# Loud screeching sound when blower slows down, replace motor?



## Mr. Garcia (6 mo ago)

Hi,

I'm hoping someone here can help me with my home HVAC issue. I believe my HVAC is RCFA-AU2417AC, MFD 02/2007. Yesterday I heard my furnace make a loud screeching sound that I heard from the main floor. It sounded like bad wheel bearings. I don't smell anything bad, it seems to put out lots of airflow, and the heat/cool work fine. I have never heard this noise before.

Today I took out and washed the blower housing and wheel. I also blew out the blower motor. I put it all back together and I'm still hearing a slight humming sound when the unit is running. I'm assuming I need a new blower motor and capacitor. If you think different please let me know.

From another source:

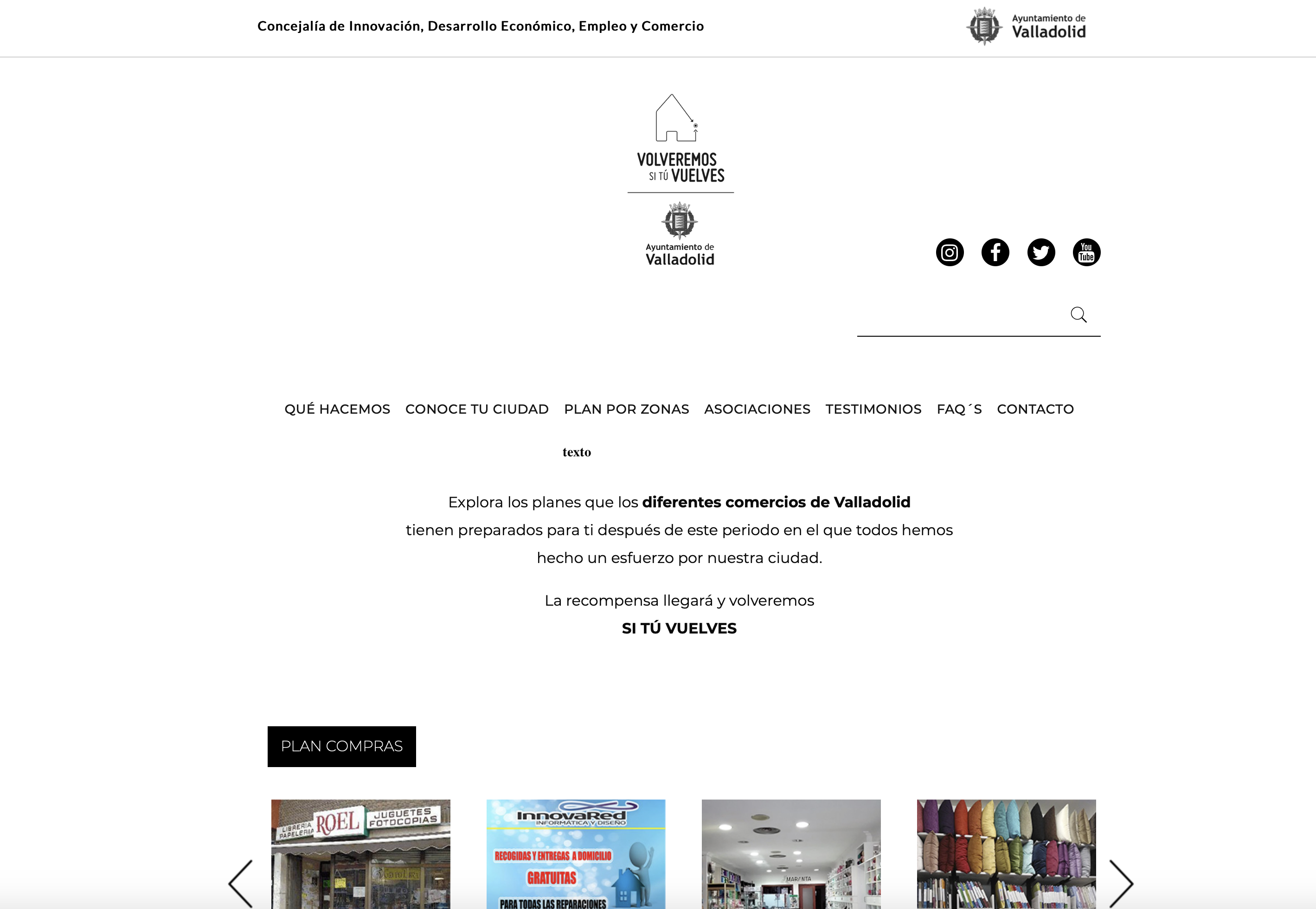 A través de la web www.volveremossituvuelves-valladolid.comEste enlace se abrirá en una ventana nueva los clientes pueden realizar una visita virtual para conocer o volver a visitar estos espacios comerciales, planificar con antelación sus compras o solicitar aquellos servicios que puedan necesitar tanto ahora como cuando todo vaya volviendo a la normalidad. La plataforma digital cuenta con varias secciones que invitan a redescubrir la ciudad, propone un plan de compras por zonas y barrios donde se especifican los locales y sus ofertas, ofreciendo el detalle de cada negocio tal y cómo lo quieran presentar los interesados.
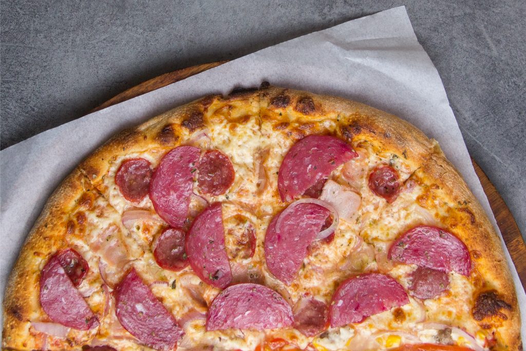 chorizo - salame - tocino - cebollas blanca y morada - Mozzarella - Salsa A Elección.

I need help finding replacement parts for the blower and capacitors. I have never purchased these parts before. I know how to replace them. I'm looking for direct replacements where I won't need to file anything down, create new holes, or figure out new colored cables. I Googled a little and it keeps finding me a newer replacement, but I don't know if there are any differences. Also there are two capacitors. The brown cables from the blower are connected to Capacitor 1. I don't know what the capacitor 2 goes to. The parts installed currently:

*Blower Motor* 
GE 
5KCP39KG 2887 S
CPN: 51-24144-01
HP: 1/2
V: 115
ASSM IN MEXICO
RPM: 1050
A: 6.30
CL B INS-CONT AIR OVER
ROT <---- CAP 7.50/370
HZ 60
PH 1

*Capacitor 1*
M23P3707NT2
7.5uF 370 VAC
50/60 HZ 70C
MRP 267538 C22.2 NO 190
43-100509-42
SH0706

*Capacitor 2*
Aerovox Z50S3704M
4uF 370V 50/60HZ 70C
PROTECTED A 10000 AFC
SUPERMET C22.2 NO 190
43-100496-44
SH0710


----------



## Jtsup (3 mo ago)

Hello, did you ever find out the issue for this? I am having the same problem now it sounds like


----------



## Mr. Garcia (6 mo ago)

I replaced the blower motor with an OEM equivalent, Climatek. The issue is the pad inside the motor loses oil overtime, then it has no oil and seizes. You’ll have to match the motor specs to the new one you’re looking at. The only issue is I got a bad one or the new ones are louder than my older motor. It was only $100 so until I can try a different one it’s fine. Most places do not allow returns once installed. I tried adding oil to the old one and that didn’t last long. I also replaced the capacitors. I took pictures of my setup before I removed anything. Then I just watched a few YouTube videos showing how to replace a blower motor. It’s straight forward as long as your new one is designed the same.


----------